Would you repeat the whole listing exactly, pictures excluded?

**Dataset extract:**
______________________________
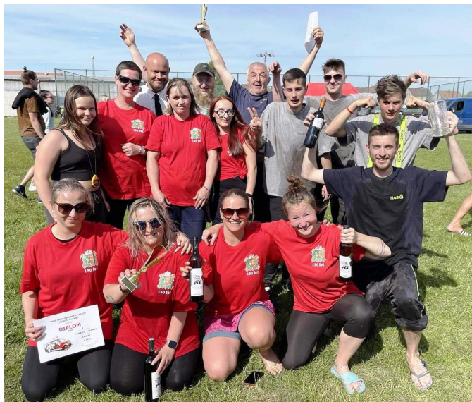
14.5.2022 - Naše úspěšné družstvo žen a mužů na Memoriálu Jana Hlaváčka, Sudovo Hlavno
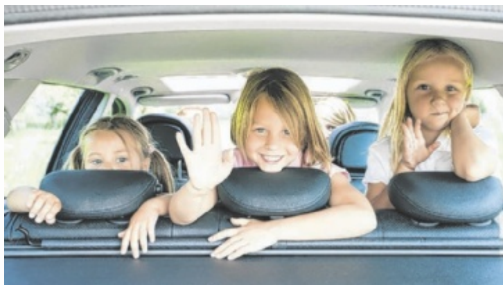
Autofahrten mit Kindern können eine Herausforderung sein.

Um sowohl Kinder als auch Fahrer nicht zu überfordern, sollten vor allem bei längeren Fahrten Zwischenstopps eingelegt werden. Die Pausen bieten eine Möglichkeit zur Bewegung an der frischen Luft oder zur Be-
______________________________
**Written answer:**
14.5.2022 - Naše úspěšné družstvo žen a mužů na Memoriálu Jana Hlaváčka, Sudovo Hlavno
Autofahrten mit Kindern können eine Herausforderung sein.

Um sowohl Kinder als auch Fahrer nicht zu überfordern, sollten vor allem bei längeren Fahrten Zwischenstopps eingelegt werden. Die Pausen bieten eine Möglichkeit zur Bewegung an der frischen Luft oder zur Be-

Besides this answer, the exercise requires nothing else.